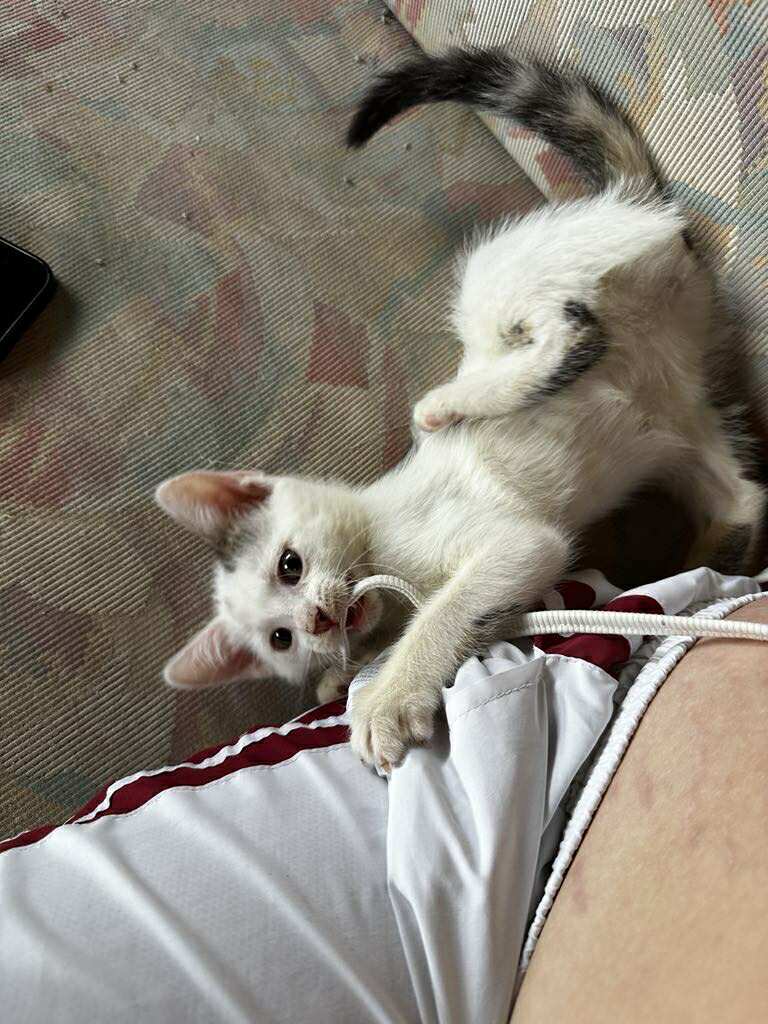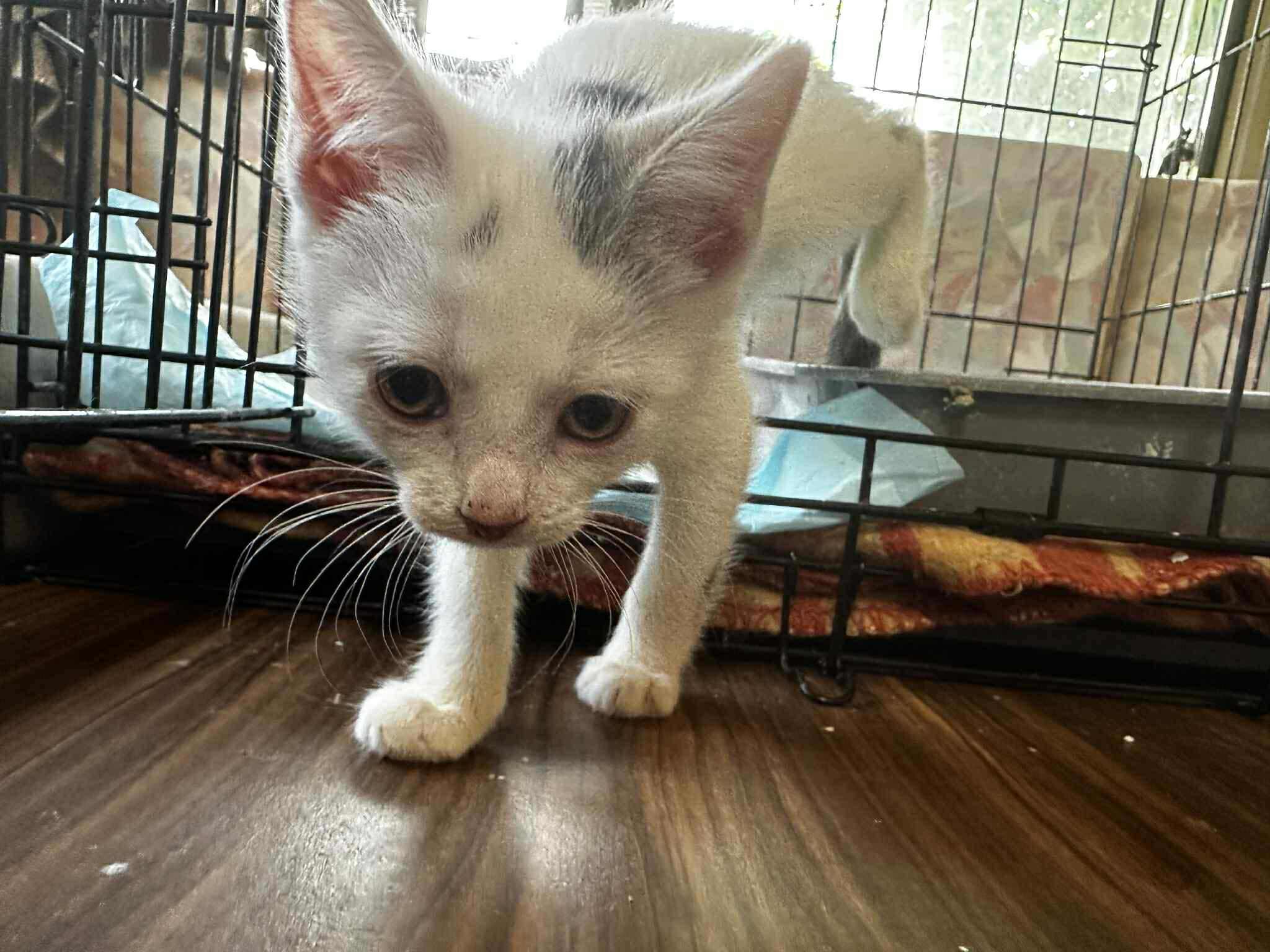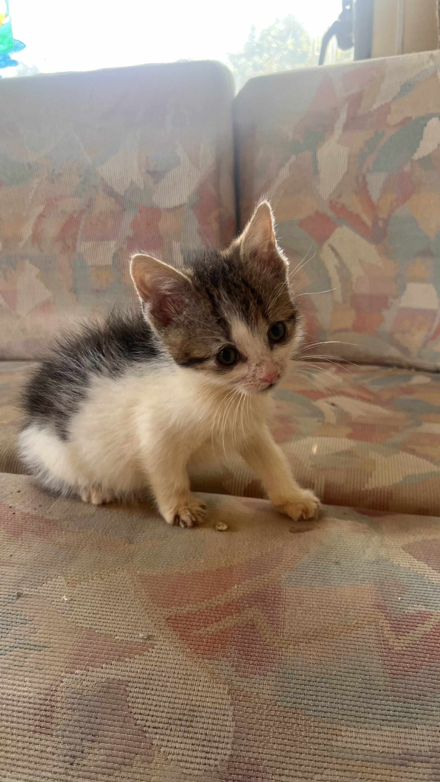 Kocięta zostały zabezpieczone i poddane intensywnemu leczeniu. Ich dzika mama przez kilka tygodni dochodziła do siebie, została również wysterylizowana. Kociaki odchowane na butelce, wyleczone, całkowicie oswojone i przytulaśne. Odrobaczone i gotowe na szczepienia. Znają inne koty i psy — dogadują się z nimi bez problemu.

...

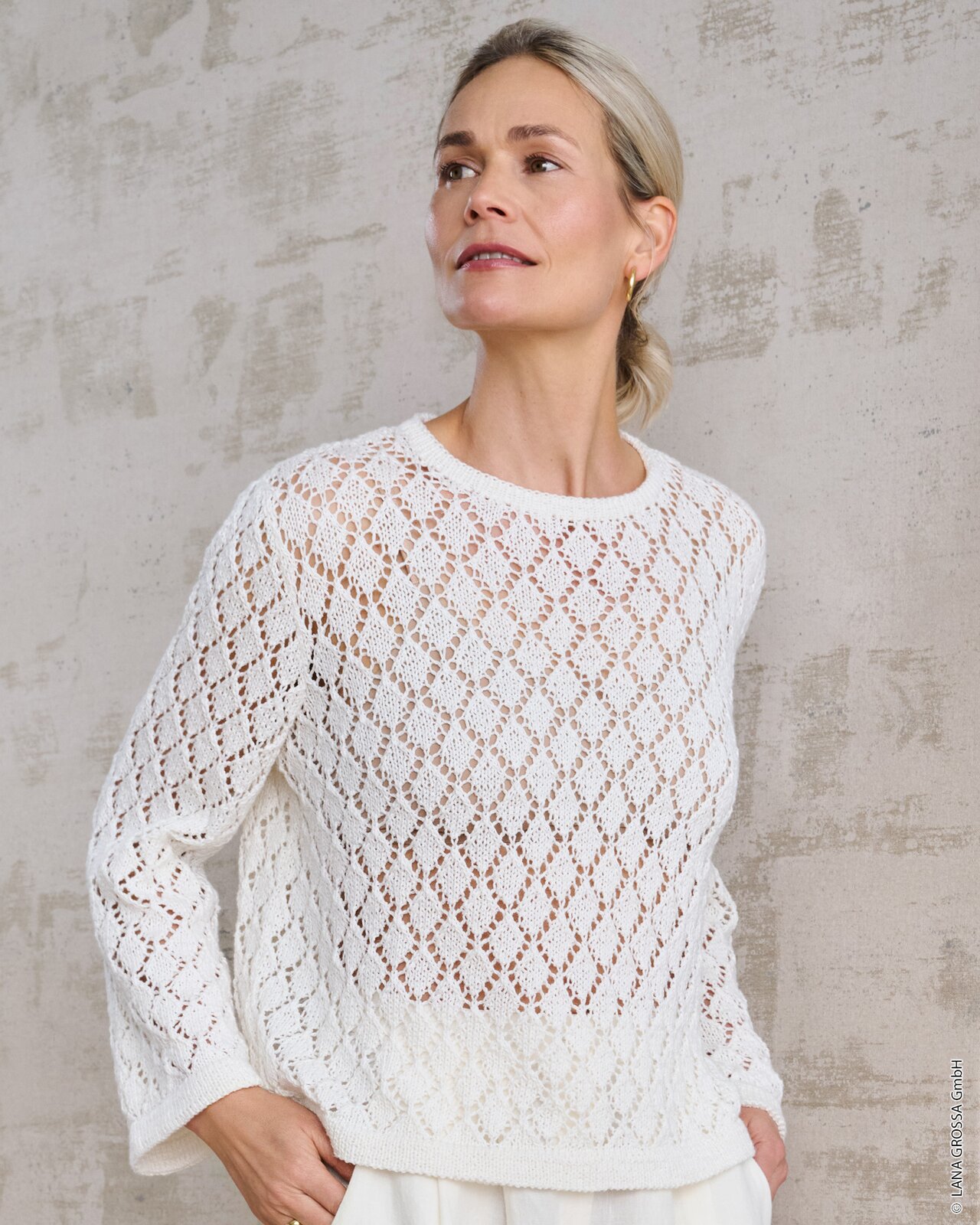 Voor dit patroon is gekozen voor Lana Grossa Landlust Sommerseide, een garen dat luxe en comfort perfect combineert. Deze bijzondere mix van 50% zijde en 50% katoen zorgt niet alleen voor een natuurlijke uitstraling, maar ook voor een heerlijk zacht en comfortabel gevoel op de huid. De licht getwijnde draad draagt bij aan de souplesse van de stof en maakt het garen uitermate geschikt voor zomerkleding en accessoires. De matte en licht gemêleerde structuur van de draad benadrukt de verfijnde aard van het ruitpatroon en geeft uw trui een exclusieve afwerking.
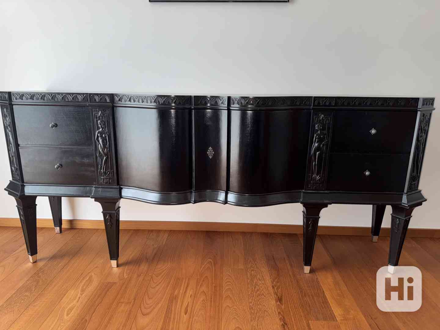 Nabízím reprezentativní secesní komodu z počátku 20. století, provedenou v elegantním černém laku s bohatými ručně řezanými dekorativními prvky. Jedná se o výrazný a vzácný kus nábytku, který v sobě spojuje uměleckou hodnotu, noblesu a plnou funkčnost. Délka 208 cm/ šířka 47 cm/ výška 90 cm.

...

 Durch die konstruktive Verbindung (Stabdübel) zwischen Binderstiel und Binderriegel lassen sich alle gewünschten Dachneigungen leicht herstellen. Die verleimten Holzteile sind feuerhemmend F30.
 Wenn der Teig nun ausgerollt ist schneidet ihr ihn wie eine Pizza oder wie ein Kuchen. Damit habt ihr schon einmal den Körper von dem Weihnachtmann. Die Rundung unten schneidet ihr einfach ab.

**ASSIGNMENT**
Wherever the line holding "Durch die konstruktive" falls in the entries above, copy exactly from it through the line holding "Wenn der Teig", inclusive, and add nothing.

**RESPONSE FOR THIS EXERCISE**
 Durch die konstruktive Verbindung (Stabdübel) zwischen Binderstiel und Binderriegel lassen sich alle gewünschten Dachneigungen leicht herstellen. Die verleimten Holzteile sind feuerhemmend F30.
 Wenn der Teig nun ausgerollt ist schneidet ihr ihn wie eine Pizza oder wie ein Kuchen. Damit habt ihr schon einmal den Körper von dem Weihnachtmann. Die Rundung unten schneidet ihr einfach ab.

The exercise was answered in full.